_Task brief_. Reproduce the entries exactly and omit the pictures.

--------------------

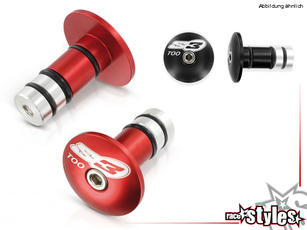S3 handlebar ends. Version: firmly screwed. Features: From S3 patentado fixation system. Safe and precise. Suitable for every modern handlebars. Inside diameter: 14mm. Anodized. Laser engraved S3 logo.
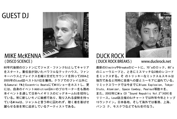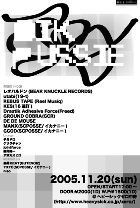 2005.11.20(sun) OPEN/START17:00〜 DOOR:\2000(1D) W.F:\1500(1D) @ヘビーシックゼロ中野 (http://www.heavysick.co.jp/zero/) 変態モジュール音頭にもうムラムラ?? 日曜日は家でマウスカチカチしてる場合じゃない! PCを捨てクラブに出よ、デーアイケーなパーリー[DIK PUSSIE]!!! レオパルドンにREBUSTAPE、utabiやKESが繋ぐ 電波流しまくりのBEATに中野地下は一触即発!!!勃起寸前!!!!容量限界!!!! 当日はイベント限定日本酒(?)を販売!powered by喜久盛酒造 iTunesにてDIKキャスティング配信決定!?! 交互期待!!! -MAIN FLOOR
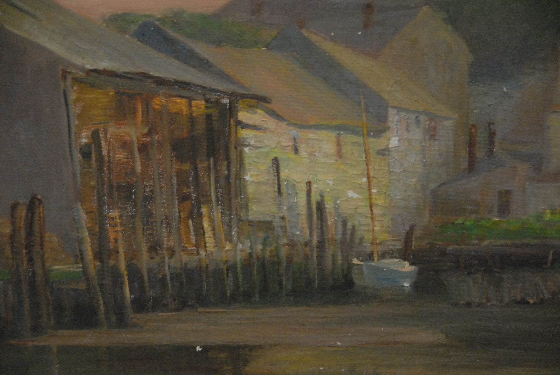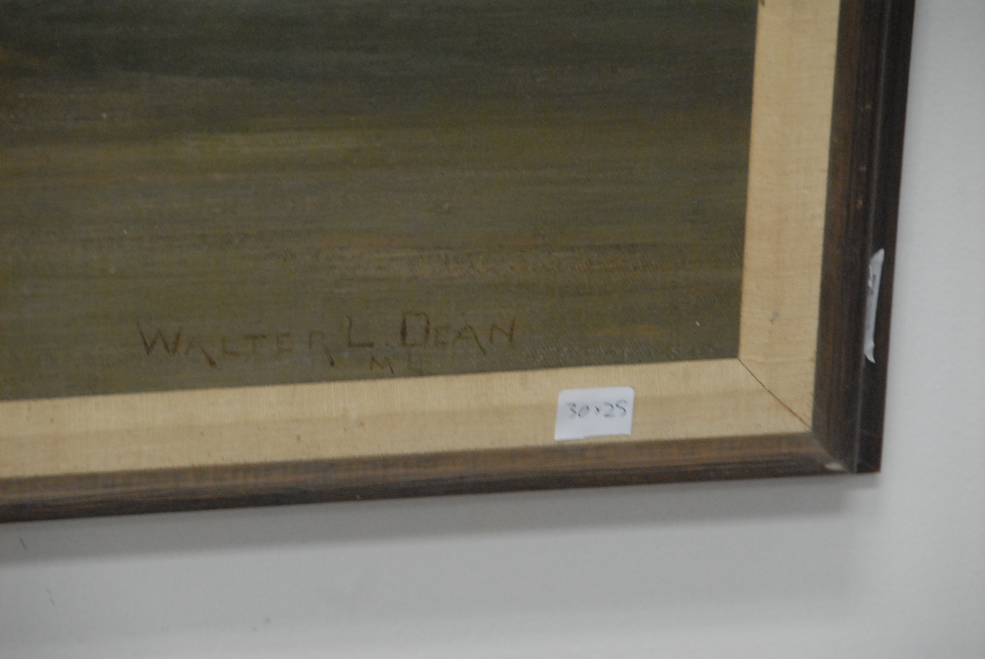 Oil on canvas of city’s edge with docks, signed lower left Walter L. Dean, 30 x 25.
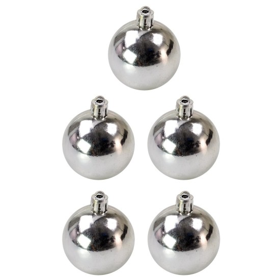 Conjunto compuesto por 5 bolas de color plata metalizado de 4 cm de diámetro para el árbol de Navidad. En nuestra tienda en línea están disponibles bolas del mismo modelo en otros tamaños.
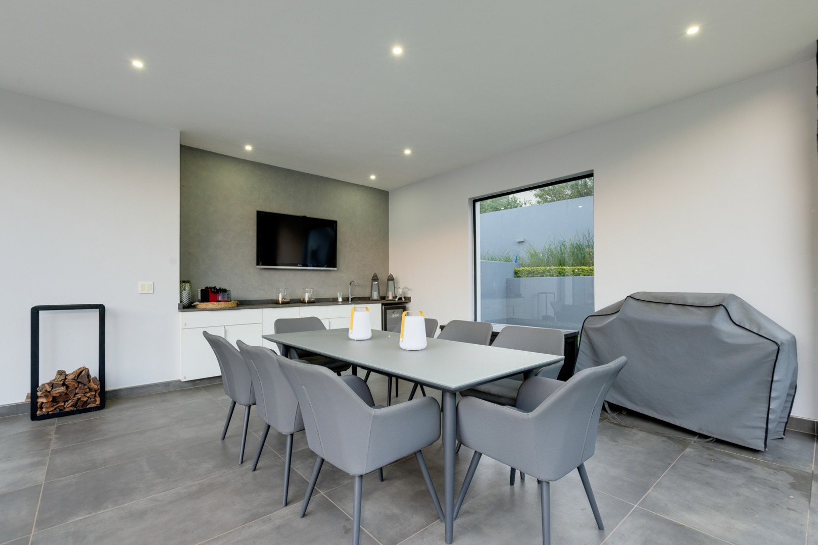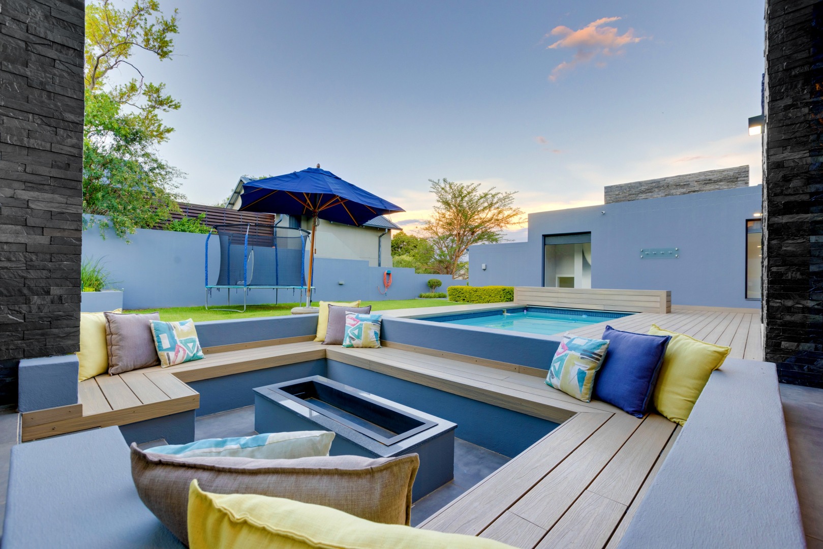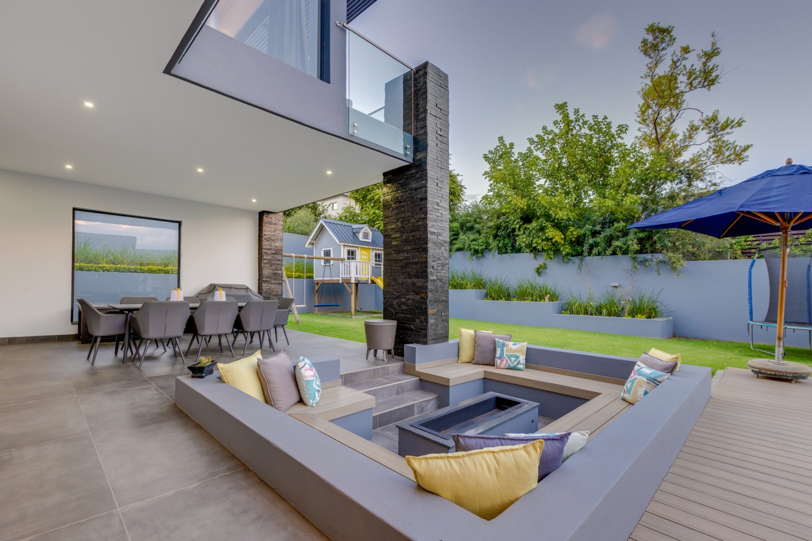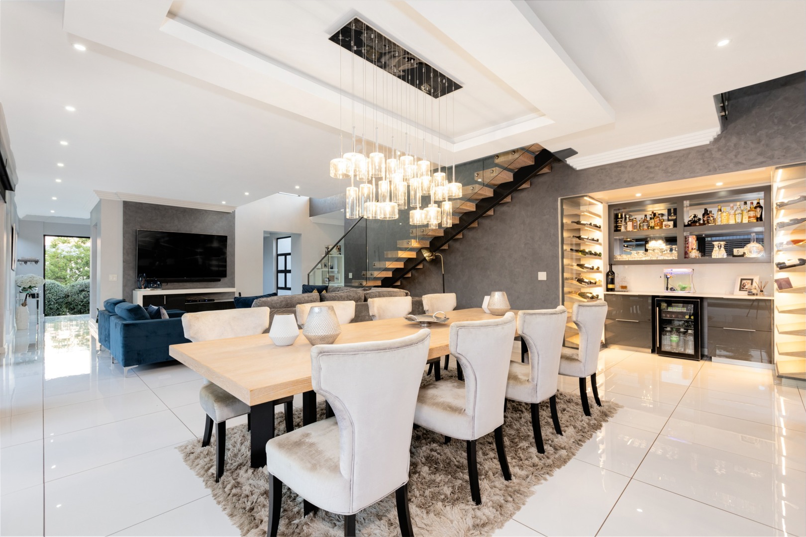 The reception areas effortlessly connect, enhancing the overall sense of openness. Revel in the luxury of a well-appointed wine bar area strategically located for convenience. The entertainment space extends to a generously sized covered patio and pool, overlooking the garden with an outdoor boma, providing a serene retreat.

--------------------

_Answer to the problem_.
S3 handlebar ends. Version: firmly screwed. Features: From S3 patentado fixation system. Safe and precise. Suitable for every modern handlebars. Inside diameter: 14mm. Anodized. Laser engraved S3 logo.
 2005.11.20(sun) OPEN/START17:00〜 DOOR:\2000(1D) W.F:\1500(1D) @ヘビーシックゼロ中野 (http://www.heavysick.co.jp/zero/) 変態モジュール音頭にもうムラムラ?? 日曜日は家でマウスカチカチしてる場合じゃない! PCを捨てクラブに出よ、デーアイケーなパーリー[DIK PUSSIE]!!! レオパルドンにREBUSTAPE、utabiやKESが繋ぐ 電波流しまくりのBEATに中野地下は一触即発!!!勃起寸前!!!!容量限界!!!! 当日はイベント限定日本酒(?)を販売!powered by喜久盛酒造 iTunesにてDIKキャスティング配信決定!?! 交互期待!!! -MAIN FLOOR
 Oil on canvas of city’s edge with docks, signed lower left Walter L. Dean, 30 x 25.
 Conjunto compuesto por 5 bolas de color plata metalizado de 4 cm de diámetro para el árbol de Navidad. En nuestra tienda en línea están disponibles bolas del mismo modelo en otros tamaños.
 The reception areas effortlessly connect, enhancing the overall sense of openness. Revel in the luxury of a well-appointed wine bar area strategically located for convenience. The entertainment space extends to a generously sized covered patio and pool, overlooking the garden with an outdoor boma, providing a serene retreat.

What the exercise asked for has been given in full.